Exact copies of all the lines below are required, with the pictures omitted.

* _TASK DATA_:
BEGIN

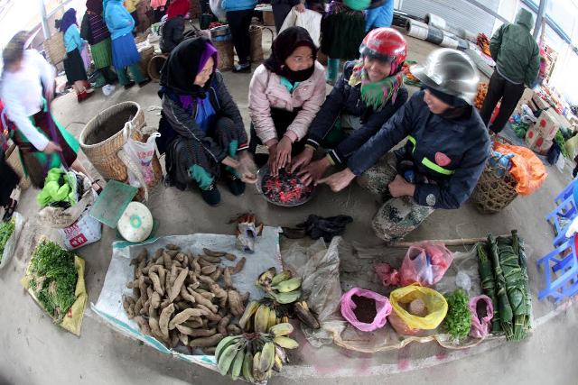 Phiên chợ ngày cuối năm thường diễn ra trong cái rét tê buốt. Cái lạnh thấu xương toát ra từ trời, từ đá, từ cả những manh áo mong manh. Dẫu vậy đến chợ người ta vẫn thấy ấm cúng lạ thường, ấm bởi những sắc màu thổ cẩm rạo rực cả đất trời, ấm bởi những bếp lửa mà bất kỳ ai cũng có thể ghé vào sưởi cùng, bởi những chén rượu ngô nấu men lá đặc sánh mà chỉ đi nếm một vòng cũng đủ say… cả tuần, rồi những nụ cười hơi ngượng nghịu, rụt rè mà hồn hậu. Người ta mang đến chợ đủ mọi thứ trên rừng, trên nương: mớ hạt, mớ thuốc, mớ gừng gió cay nồng. Cả những túm rau, củ cằn cằn xâu xấu, nhưng với những du khách là “vớ được”… đặc sản đấy. Những thứ không thể mua được ở bất kỳ siêu thị nào. Những thứ rau, củ, quả lớn lên trên đá núi, ngậm sương giá bao ngày, không đẹp nếu nhìn nhưng thật tuyệt khi ăn, ngọt, ngon, cái cảm giác “thật miệng” lạ lắm. Được thưởng thức những thứ ấy cũng là một cách cảm nhận về vùng cao nguyên đá nhọc nhằn, chất phác mà cái đẹp luôn ẩn vào trong.
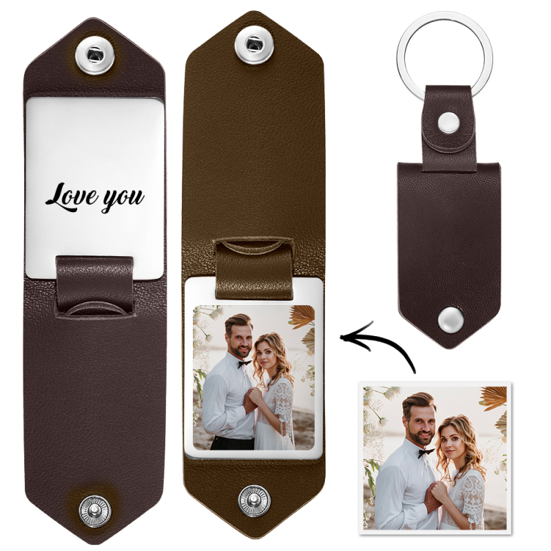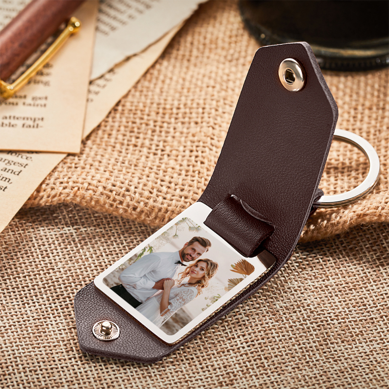 Custom Photo Keychain Engraved Keychains Leather Gifts for Couple
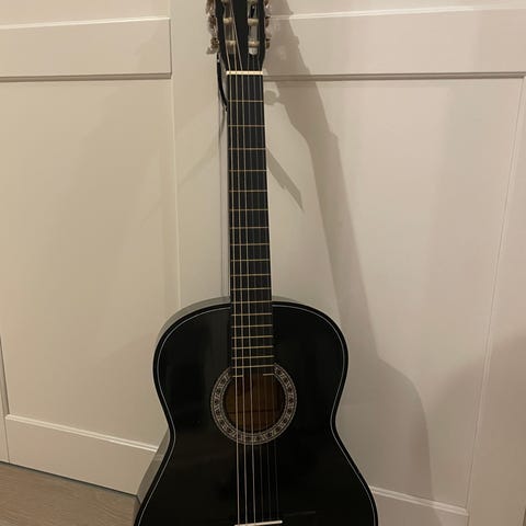 Gitaren har en treoverflate med naturlig finish og nylonstrenger.
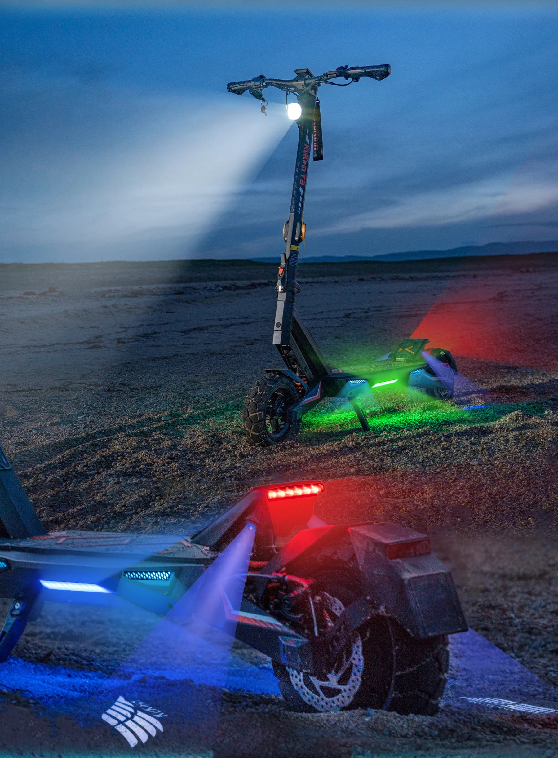Cuenta con un diseño de luces único en KuKirin, con luces laterales RGB y proyección trasera con efecto de alas azules que le dan un aspecto deportivo e imposible de olvidar.
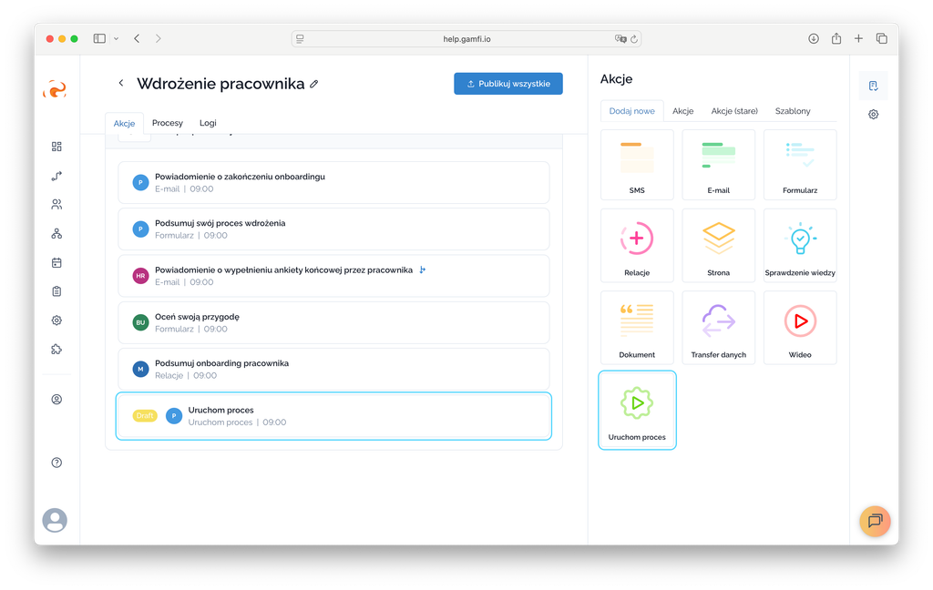 Uruchomienie Procesu onboardingowego wymaga jedynie kilku prostych kliknięć.
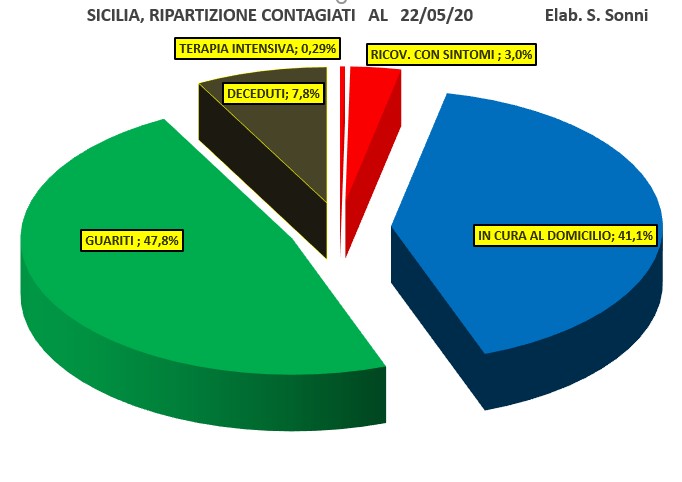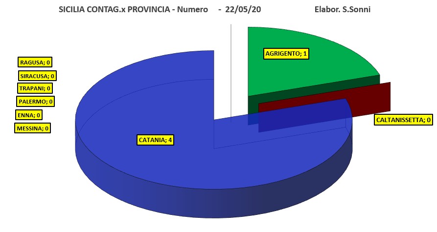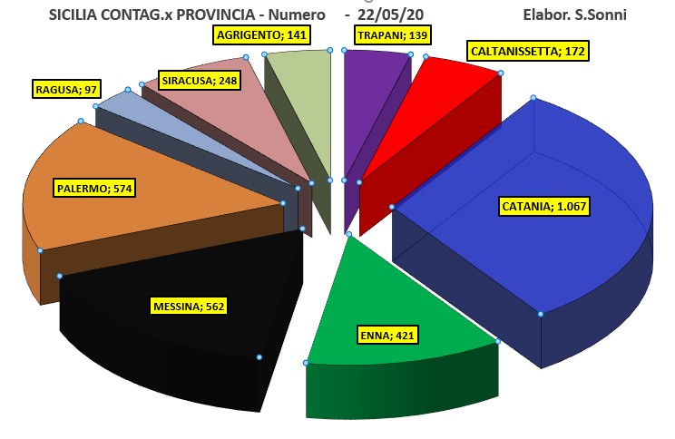 Ancora 4 nuovi casi il 22 maggio in Sicilia, tutti e solo a Catania. Contagiati totali sono così 3.421, di cui 10 in terapia intensiva, 103 ricoverati in ospedale, 1.404 in cura ai domicili, 1634 guariti e 268 deceduti. Oggi 7 guariti e nessun deceduto.
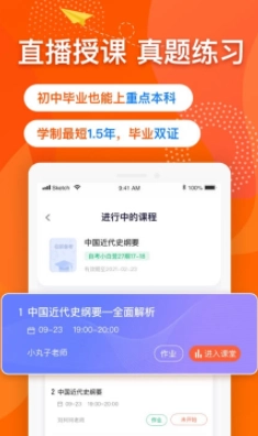 「VIP课程」:提供专业的成人自考、职业资格证书培训课程,热点、难点、易错点一网打尽。同时,随课附带相应的长达一年的课程表、学习资料、课件、随堂考、录播课程;即使没有时间参加直播课程学习,还可以利用碎片化时间、通过手机随时随地进行学习。
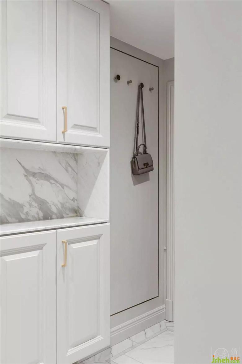 入戶在擁有超強(qiáng)收納鞋柜的同時(shí),和電視墻一樣都植入了石材盒子作為分割,讓普通的鞋柜不僅僅只擁有收納的功能,還承載了更多展示的作用。
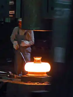 Forjamento é um processo de fabricação que envolve a formação de metais usando forças de compressão localizadas. Os golpes são feitos com um martelo (muitas vezes, um martelo de potência). O forjamento é frequentemente classificado de acordo com a temperatura na qual é realizado: forjamento a frio (um tipo de trabalho a frio), forjamento morno e a quente (um tipo de trabalho a quente). Para os dois últimos, o metal é aquecido, geralmente em uma forja. As peças forjadas podem variar em peso de menos de um quilograma para centenas de toneladas métricas. O forjamento foi feito por ferreiros há milênios; os produtos tradicionais eram utensílios de cozinha, ferragens, ferramentas manuais, armas afiadas, címbalos e joias. Desde a Revolução Industrial, peças forjadas são amplamente utilizadas em mecanismos e máquinas sempre que um componente requer alta resistência; tais peças forjadas geralmente requerem processamento adicional (como usinagem) para obter uma peça acabada. Hoje, a forja é uma indústria mundial importante.[1]

END

* _TASK RESULT_:
 Phiên chợ ngày cuối năm thường diễn ra trong cái rét tê buốt. Cái lạnh thấu xương toát ra từ trời, từ đá, từ cả những manh áo mong manh. Dẫu vậy đến chợ người ta vẫn thấy ấm cúng lạ thường, ấm bởi những sắc màu thổ cẩm rạo rực cả đất trời, ấm bởi những bếp lửa mà bất kỳ ai cũng có thể ghé vào sưởi cùng, bởi những chén rượu ngô nấu men lá đặc sánh mà chỉ đi nếm một vòng cũng đủ say… cả tuần, rồi những nụ cười hơi ngượng nghịu, rụt rè mà hồn hậu. Người ta mang đến chợ đủ mọi thứ trên rừng, trên nương: mớ hạt, mớ thuốc, mớ gừng gió cay nồng. Cả những túm rau, củ cằn cằn xâu xấu, nhưng với những du khách là “vớ được”… đặc sản đấy. Những thứ không thể mua được ở bất kỳ siêu thị nào. Những thứ rau, củ, quả lớn lên trên đá núi, ngậm sương giá bao ngày, không đẹp nếu nhìn nhưng thật tuyệt khi ăn, ngọt, ngon, cái cảm giác “thật miệng” lạ lắm. Được thưởng thức những thứ ấy cũng là một cách cảm nhận về vùng cao nguyên đá nhọc nhằn, chất phác mà cái đẹp luôn ẩn vào trong.
 Custom Photo Keychain Engraved Keychains Leather Gifts for Couple
 Gitaren har en treoverflate med naturlig finish og nylonstrenger.
Cuenta con un diseño de luces único en KuKirin, con luces laterales RGB y proyección trasera con efecto de alas azules que le dan un aspecto deportivo e imposible de olvidar.
 Uruchomienie Procesu onboardingowego wymaga jedynie kilku prostych kliknięć.
 Ancora 4 nuovi casi il 22 maggio in Sicilia, tutti e solo a Catania. Contagiati totali sono così 3.421, di cui 10 in terapia intensiva, 103 ricoverati in ospedale, 1.404 in cura ai domicili, 1634 guariti e 268 deceduti. Oggi 7 guariti e nessun deceduto.
 「VIP课程」:提供专业的成人自考、职业资格证书培训课程,热点、难点、易错点一网打尽。同时,随课附带相应的长达一年的课程表、学习资料、课件、随堂考、录播课程;即使没有时间参加直播课程学习,还可以利用碎片化时间、通过手机随时随地进行学习。
 入戶在擁有超強(qiáng)收納鞋柜的同時(shí),和電視墻一樣都植入了石材盒子作為分割,讓普通的鞋柜不僅僅只擁有收納的功能,還承載了更多展示的作用。
 Forjamento é um processo de fabricação que envolve a formação de metais usando forças de compressão localizadas. Os golpes são feitos com um martelo (muitas vezes, um martelo de potência). O forjamento é frequentemente classificado de acordo com a temperatura na qual é realizado: forjamento a frio (um tipo de trabalho a frio), forjamento morno e a quente (um tipo de trabalho a quente). Para os dois últimos, o metal é aquecido, geralmente em uma forja. As peças forjadas podem variar em peso de menos de um quilograma para centenas de toneladas métricas. O forjamento foi feito por ferreiros há milênios; os produtos tradicionais eram utensílios de cozinha, ferragens, ferramentas manuais, armas afiadas, címbalos e joias. Desde a Revolução Industrial, peças forjadas são amplamente utilizadas em mecanismos e máquinas sempre que um componente requer alta resistência; tais peças forjadas geralmente requerem processamento adicional (como usinagem) para obter uma peça acabada. Hoje, a forja é uma indústria mundial importante.[1]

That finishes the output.